Data Structures for Disjoint Sets:

 3. Linked list with pointer to representative and "union-by-weight".

    As before, except that we also keep track of the number of elements in
    each list, by adding a 'size' field to each node and storing the size
    of a list inside the node of the representative.  MAKE-SET and FIND-SET
    are not affected (still take time O(1)), and when we perform UNION, we
    always append the smaller set to the longer one (so we have fewer
    pointers to change).  This is called "union-by-weight" (the "weight" of
    a set is simply its size).

    Worst-case sequence complexity for m operations: let n be the number of
    MAKE-SET operations in the sequence (so there are never more than n
    elements in total).  For some arbitrary element x, we want to prove an
    upper bound on the number of times that x's back pointer can be
    updated.  Note that this happens only when the set that contains x is
    UNIONed with a set that is no smaller (because we only update back
    pointers for the smaller set).  This means that each time x's back
    pointer is updated, the resulting set must have at least doubled in
    size.  Since there are no more than n elements in total in all the
    sets, this means that x's back pointer cannot be updated more than
    lg(n) times ('lg' is log_2).  And since this is true for every element
    x, the total number of pointer updates during the entire sequence of
    operations is O(n log n).  The time for other operations is still O(1),
    and there are m operations in total, so the total time for the entire
    sequence is O(m + n log n).

 4. Trees.

    Represent each set by a tree, where each element points to its parent
    only and the root points back to itself.  The representative of a set
    is the root.  Note that the trees are _not_ necessarily binary trees:
    the number of children of a node can be arbitrarily large (or small).

      . MAKE-SET(x) takes time O(1): just create a new tree with root x.

      . FIND-SET(x) takes time O(depth of x): simply follow "parent"
        pointers back to the root of x's tree.

      . UNION(x,y) takes time O(1) in addition to the time taken to perform
        FIND-SET(x) and FIND-SET(y): just make the root of the tree that
        contains y point to the root of the tree that contains x.

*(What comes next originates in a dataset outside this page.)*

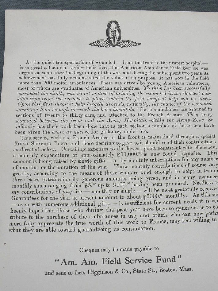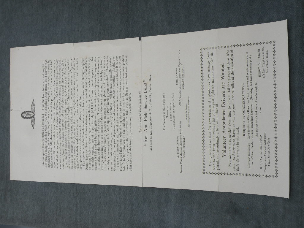 P-1804 Rare unit history for American Ambulance Unit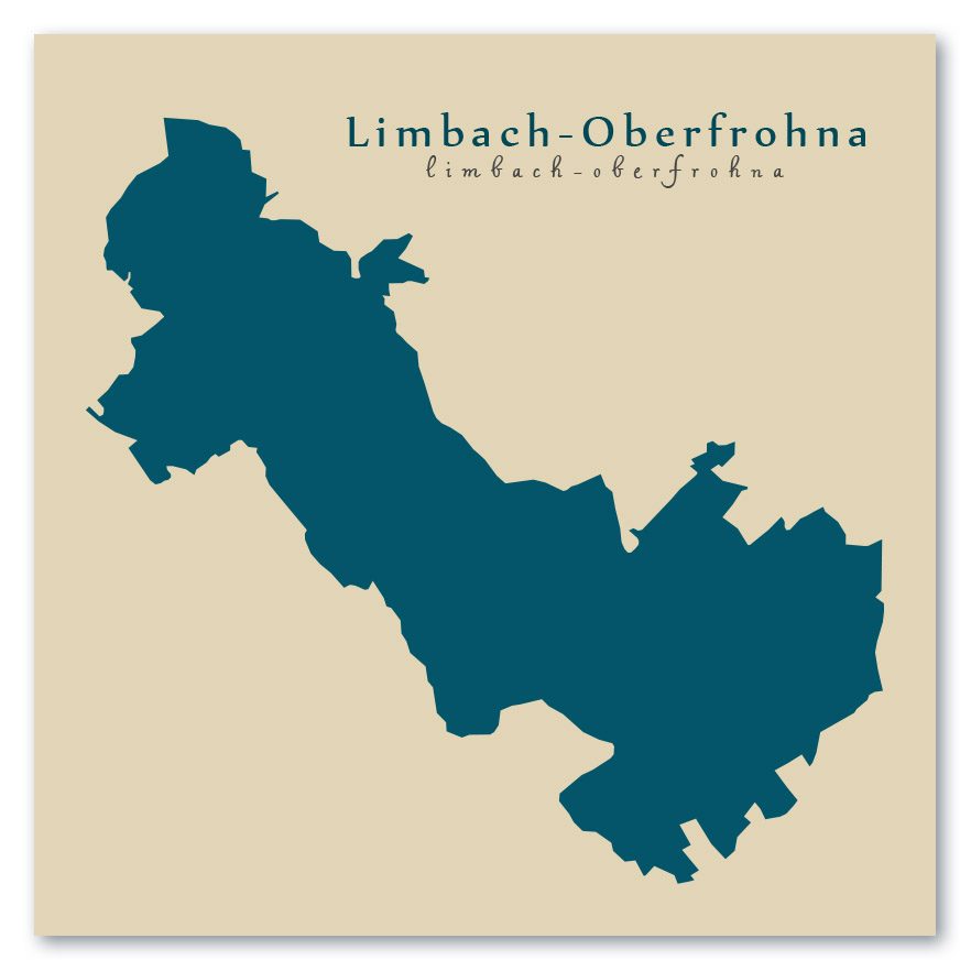 Limbach-Oberfrohna Karte (Sachsen) – Moderne Landkarte – Wandbild Kunstdruck Poster Map

    Worst-case sequence complexity for m operations: just like for the
    linked list with pointers to representative but no size, we can create
    a tree that is one long chain with m/4 elements, so that FIND-SET takes
    time Omega(m); if we perform m/2 FIND-SET operations, we get a sequence
    whose total time is Omega(m^2).

 5. Trees with "union-by-weight".

    As before, except we also keep track of the weight (i.e., size) of each
    tree (inside a 'size' field for each node, that stores the size of the
    subtree rooted at that node) and always append the smaller tree to the
    larger one when performing UNION (and update the size field of the new
    root).  The complexity of the operations is unchanged.

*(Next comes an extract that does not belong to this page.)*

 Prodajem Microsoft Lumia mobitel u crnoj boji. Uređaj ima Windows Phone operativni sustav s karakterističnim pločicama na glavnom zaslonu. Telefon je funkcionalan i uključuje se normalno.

    Worst-case sequence complexity for m operations: it is possible to show
    that during any sequence of m operations, n of which are MAKE-SET, the
    maximum height of any tree is O(log n).  (The proof is by induction on
    the height h of the trees.)  This means that the running time of any
    individual operation is O(log n), which gives total time of O(m log n)
    for the entire sequence.

 6. Trees with path compression.

    When performing FIND-SET(x), keep track of the nodes visited on the
    path from x to the root of the tree (in a stack or queue), and once the
    root is found, update the parent pointers of each node to point
    directly to the root.  (This can also be done very easily by using
    recursion instead of an auxiliary data structure.)  This at most
    doubles the running time of the FIND-SET operation, but it can speed up
    future operations considerably.

    In fact, it is possible to prove (but we won't do it) that the
    worst-case running time of a single operation in a sequence, if there
    are n MAKE-SET operations (so at most n-1 UNIONs) and `f' FIND-SET
    operations is

        Theta( f log n / log(1+f/n) )        if f >= n

        Theta( n + f log n)                  if f < n

    But we can do even better!

 7. Trees with "union-by-rank" and path compression.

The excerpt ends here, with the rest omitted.